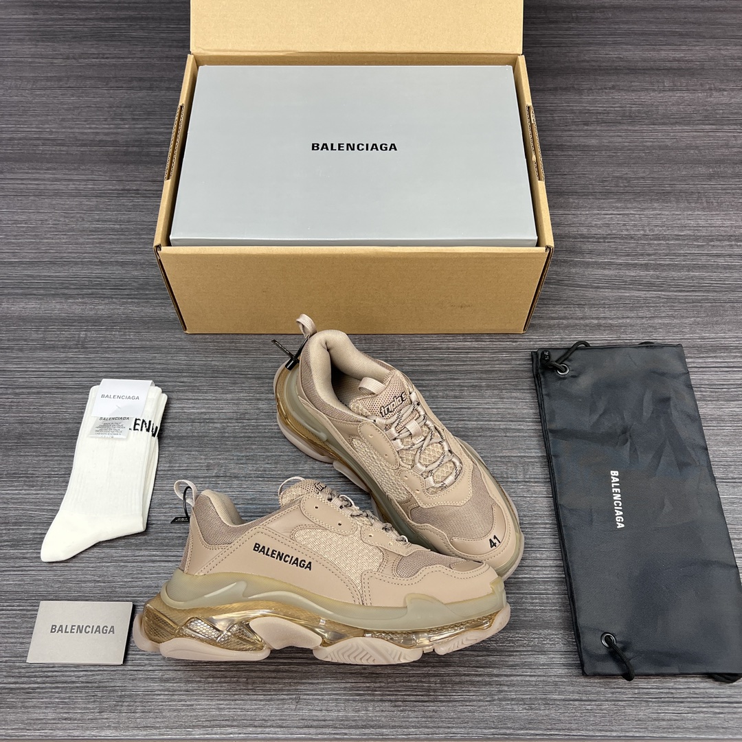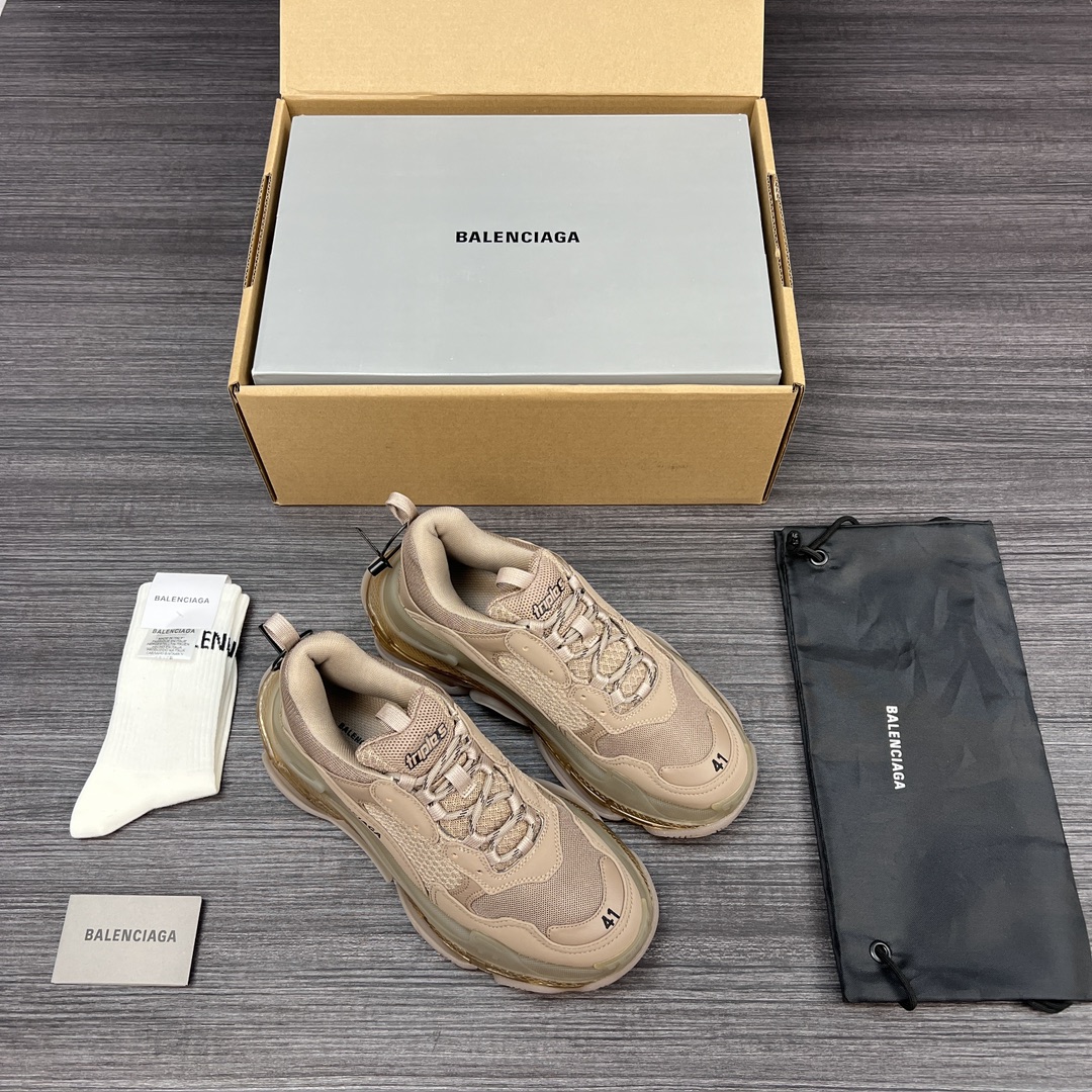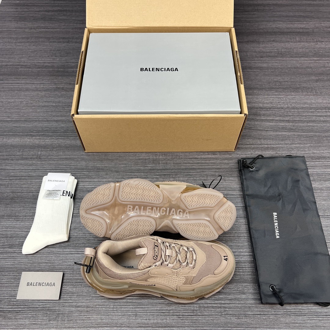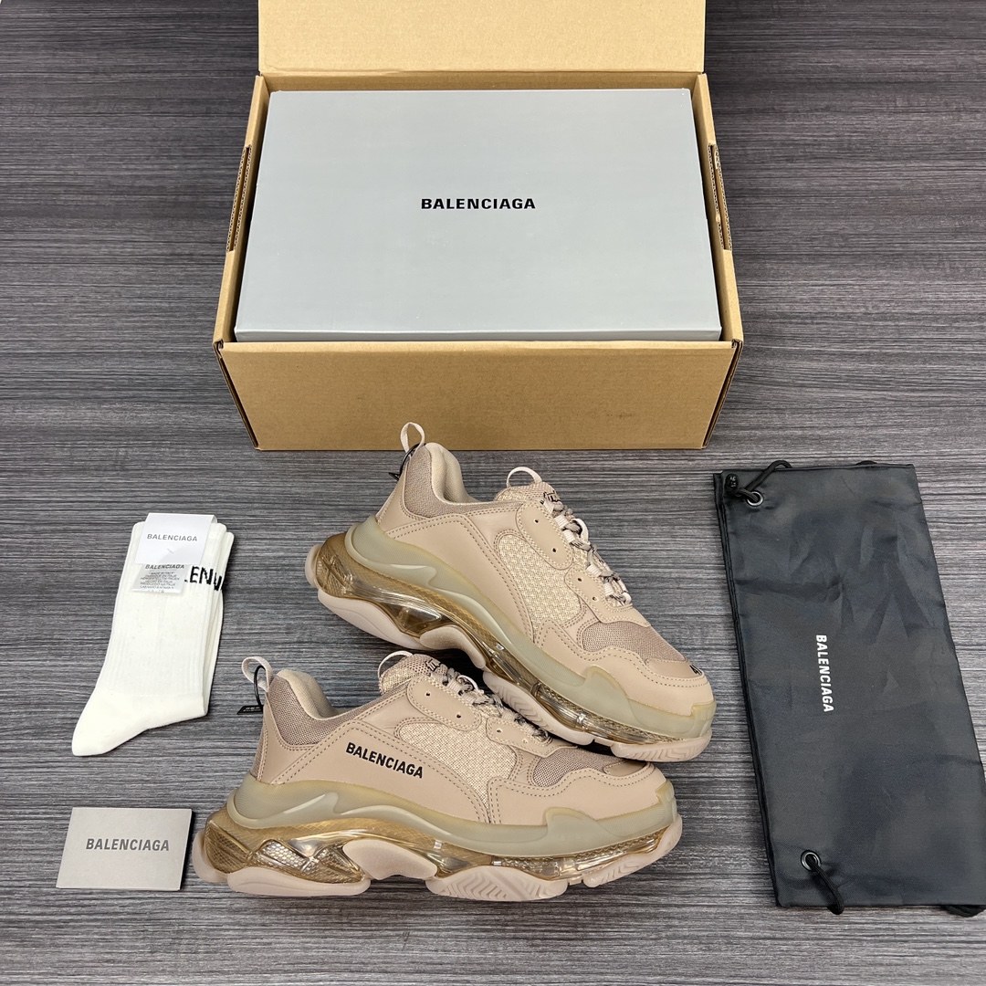 纯原版本 Balenciaga Triple S 巴黎世家 官方发售气垫版本纯原版本 正确字体电绣 粗细、位置、大小正确侧边TPU 透气孔匹配意产原版正确气垫分离大底,⚠️注意区分一鞋一码标注!原版大底做旧工艺 原版一致”Balenciaga” 大底LOGO 。鞋面采购原厂网纱。 包装:全套得物配件加固飞机盒包装! 码数:35-45码(正码)
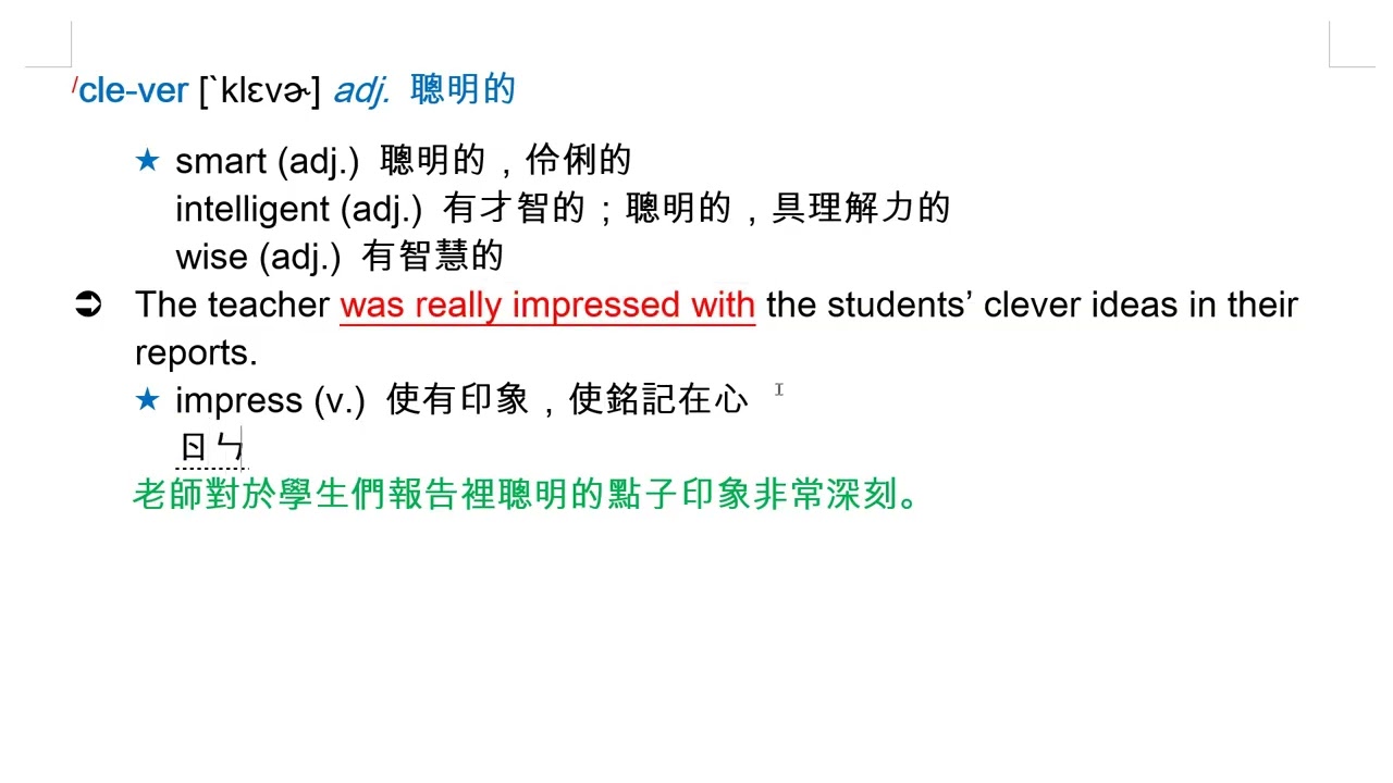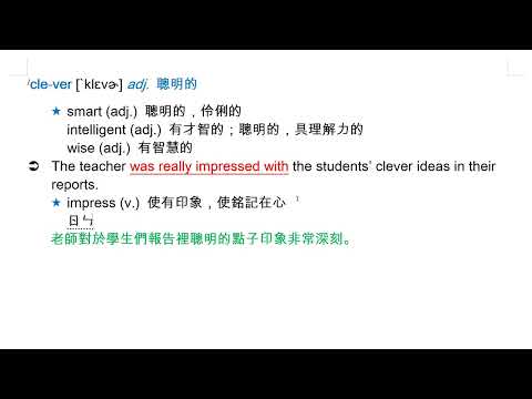 載入中... 相關課程 Back clever [`klɛvɚ] adj. 聰明的 相關課程 0 / 750 登入觀看 ⇐ Use this menu to view and help create subtitles for this video in many different languages. You'll probably want to hide YouTube's captions if using these subtitles. clever [`klɛvɚ] adj. 聰明的 上傳學習單 下載學習單
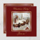 Invitation vintage du Père Noël Reindeer Sleigh, avec un Père Noël essayant d'entrer dans une maison à travers la cheminée et rennes avec son traîneau de cadeaux..

********************

__Action item__
Repeat the listing above exactly from its first line to the line containing "載入中... 相關課程 Back", both included, and omit the pictures.

__Solution for this problem__
 纯原版本 Balenciaga Triple S 巴黎世家 官方发售气垫版本纯原版本 正确字体电绣 粗细、位置、大小正确侧边TPU 透气孔匹配意产原版正确气垫分离大底,⚠️注意区分一鞋一码标注!原版大底做旧工艺 原版一致”Balenciaga” 大底LOGO 。鞋面采购原厂网纱。 包装:全套得物配件加固飞机盒包装! 码数:35-45码(正码)
 載入中... 相關課程 Back clever [`klɛvɚ] adj. 聰明的 相關課程 0 / 750 登入觀看 ⇐ Use this menu to view and help create subtitles for this video in many different languages. You'll probably want to hide YouTube's captions if using these subtitles. clever [`klɛvɚ] adj. 聰明的 上傳學習單 下載學習單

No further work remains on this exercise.